Here's the question you clicked on:
lgbasallote
Prove that if n is an integer then 3n + 2 is even, then n is even
we have to prove two things? : 1) 3n+2 is even , 2) n is even
no, it's prove n is even GIVEN 3n + 2 is even.
If 3n + 2 is even, then 3n is even
if 3n is even then n is even.
Given : 3n+2 is even To prove : n is even 3n+2 = 2k 3n = 2k-2 3n = 2(k-1)
not true for n=1 ? 3+2=5<---not even
@hartnn GIVEN that 3+2 is even, n is even
IF 3n+2 is even , prove that is even. @hartnn
But it's not so no guarentee is made.
lets clear it from @lgbasallote what the exact question is...
Just out of interest whats the general way to prove something is even, divide by 2?
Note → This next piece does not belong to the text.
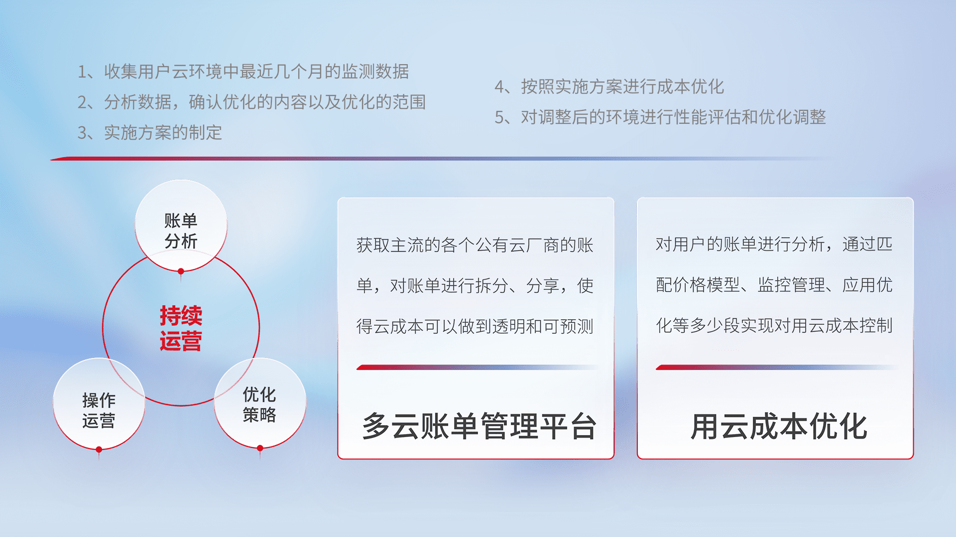 监控业务系统资源开销,,对资源的消耗精确计量,,实现费用的透明化管理,,,,不断提升资源使用率,,,,调整资源购买方式,,,降低资源费用成本,,,,用云成本可预测、、、用云费用可优化,,,云资源配额有据可依。。

if we prove a number is of form 2k that proves it is even
btw any1 here mind taking a look at my question? http://openstudy.com/updates/5078b9d7e4b02f109be44f95
sorry i just came back....anyway...i'd llike to see how proving by contradiction is done.. direct proof is too easy
but whats the question ?
the statement in the blue box
forgot to mention by the way....that the direct proof done here was wrong
they took n as the condition... 3n + 2 is supposed to be the condition
so 3n + 2 = (a different n)?
if 3n+2 is even , n is even. thats the question and u need to prove that using contradiction, right ?
if you use direct proof... it should be 3n + 2 = 2x then prove n is even
but like i said...should be contradiction though
well okay thats easy enough, too
hmmm then let's see you try
All you have to say is that assume that given 3n + 2 is even, n is not even Then n has to be odd. Thus, 3n + 2 can be represented as 2k + 1 for some k
Given : 3n+2 is even To prove : n is even to prove by contradiction, lets assume the opposite - lets assume n is odd, 3n+2 = 2k 3n = 2k-2 3n = 2(k-1) so we got the right side as even number, but we assumed n is odd, so left 3n becomes odd - contradiction
@sara12345 you cannot say "assume that n is odd" and then equate it to 2k
@sara12345 how is that contradiction
we do that always in proof by contradiction
RHS = even , LHS = odd => contradiction
i was referring to your solution
How can you prove that it equals 2k, though?
if 3n + 2 is odd, then it can be expressed 3n + 2 = 2k + 1. solving for n gives \[n = \frac{2k}{3} - 1\] substituting back for n gives \[3 (\times \frac{2k}{3} - 1) + 2 = 2k + 1so\] so \[2k - 1 = 2k + 1 \] which is absurd
so in proof by contradiction...you still substitute back huh
As @JamesWolf showed for you,
you take the contradiction, show that it is not internally consistent, and therefore it cannot be true.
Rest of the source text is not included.